I am not sure how dbx works, but how would you exe...
# beginners-need-help
n
I am not sure how dbx works, but how would you execute code from there for non-kedro project? I imagine you must start from the same directory, why do you need to specify the absolute path?
r
dbx deploys code to databricks workflow job. The workflow job has the script name coded with the uniquely generated path and the python package dependencies are also installed to the cluster.
n
Do you have to configure the script every time?
r
Not really. Deployment of the code happens through Github Actions.
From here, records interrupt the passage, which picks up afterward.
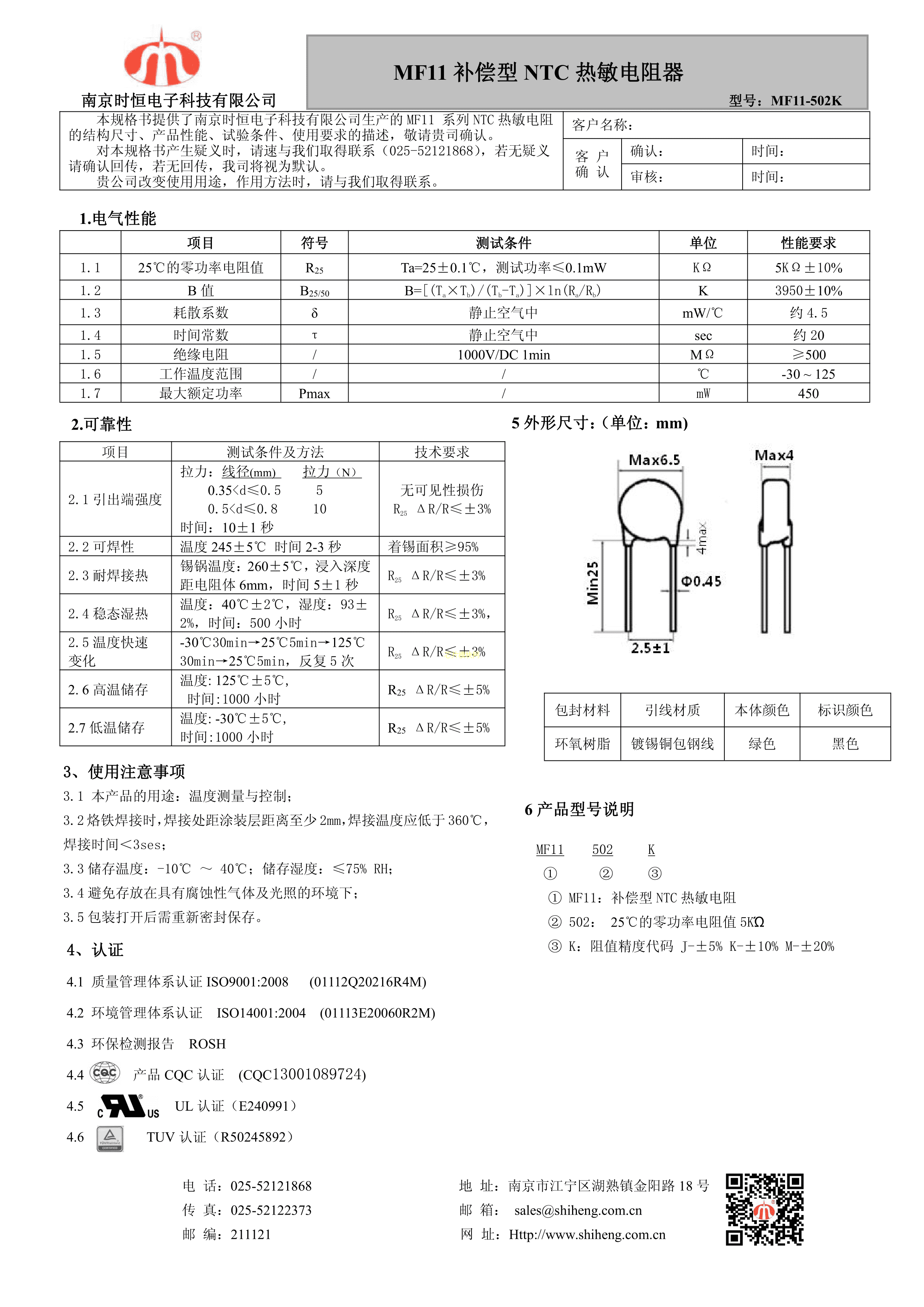 MF11502K数据手册径向引线P2.5mm封装时恒PDF规格书,中英文下载
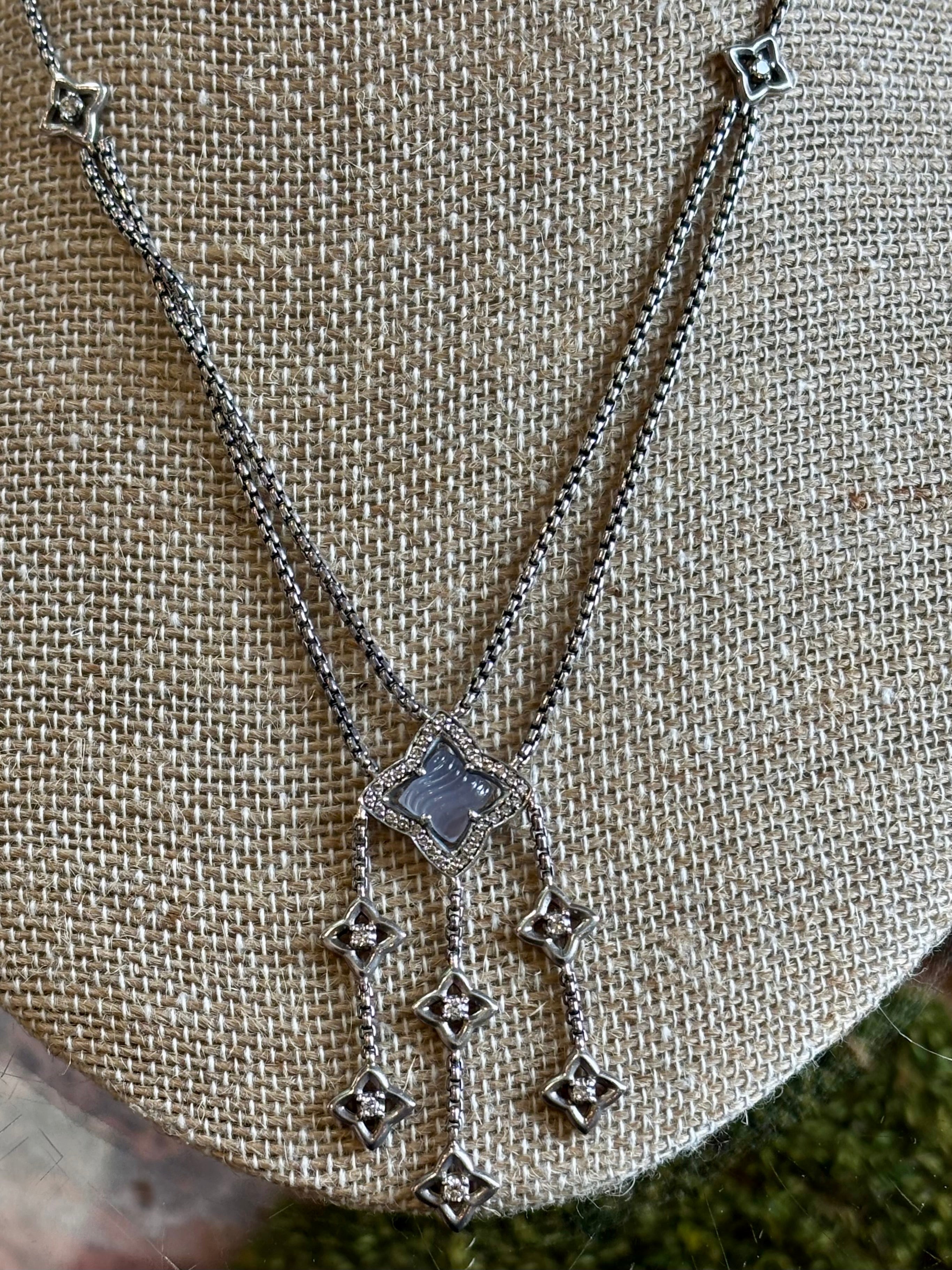 DAVID YURMAN Chalcedony Quatrefoil Diamond Drop Pendant Necklace
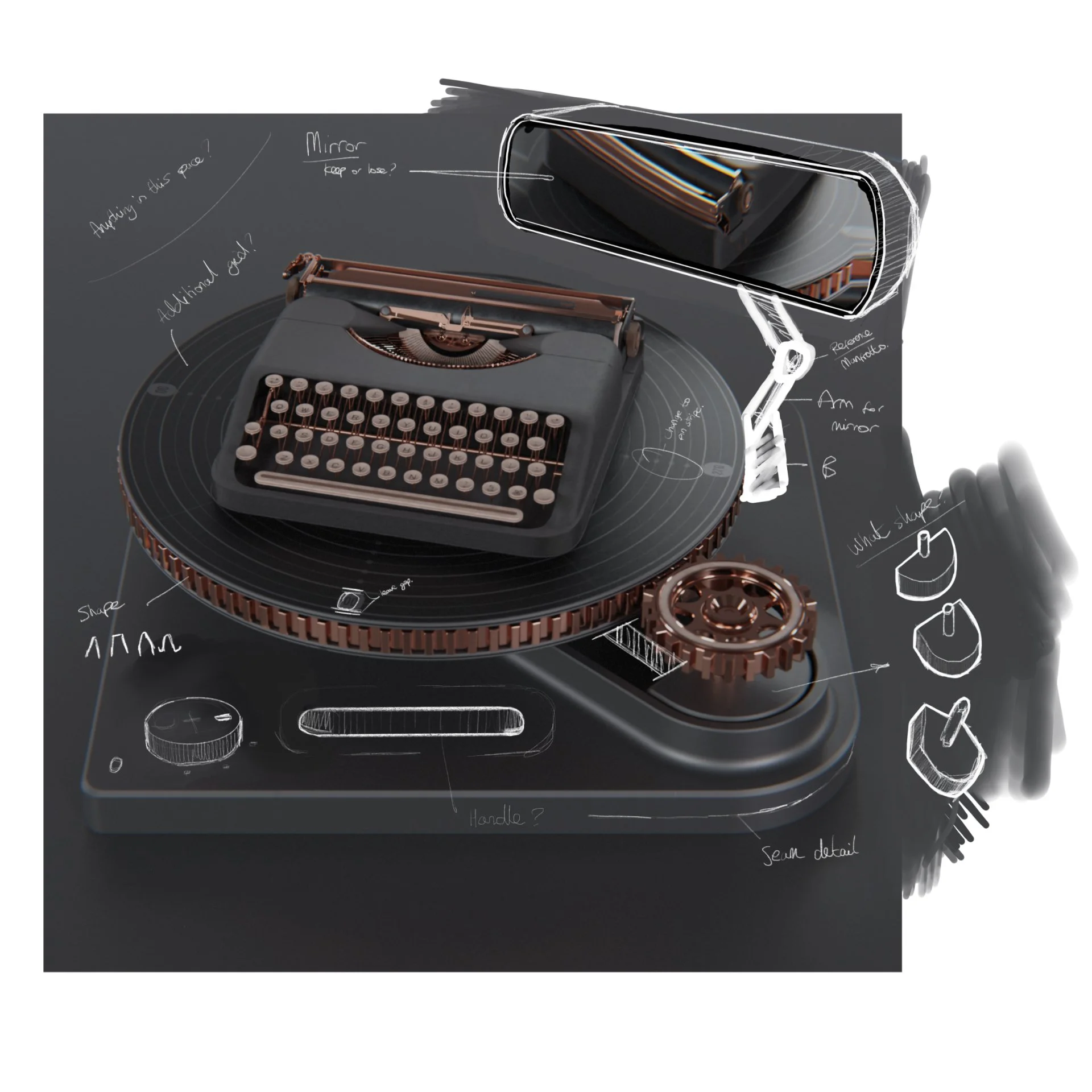 From here, I began sketching basic ideas for a turntable, keeping in mind that I wanted the turntable itself to be interesting and to push my modelling skills further.

So dbx helps package the code and dependencies and deploy it to databricks and create a workflow job.
n
but you still have to define an entrypoint I guess? like executing a particular file?
r
the python script is the file that creates the kedro session
databricks job calls the python script in the screenshot
n
Can you just use a relative path in this case?
r
like Path(script_name).parent
relative to the script being executed?
n
something like that - it is also a bit strange why this script lives in src/pipeline/data_preprocessing/? It should probably just live at the top level as a __main__.py or something similar
r
I can move it up, that is not a problem. Its just way of arranging multiple scripts. There are many.
n
this isn't too important though, as long as the path is correct, but if it starts from the root level, KedroSession should picks up pyproject.toml automatically
You can leave it as is then, just need to figure out the relative path
r
I will try relative path. I just wanted to make sure if there was a cleaner approach.
n
I think the proper way to deploy is package your kedro project. https://kedro.readthedocs.io/en/stable/tutorial/package_a_project.html Then you should just do something like
from my_project import __main__
__main__(pipeline=)
r
To execute this way, we still need to run this code from the project root dir right? Where the toml file exists?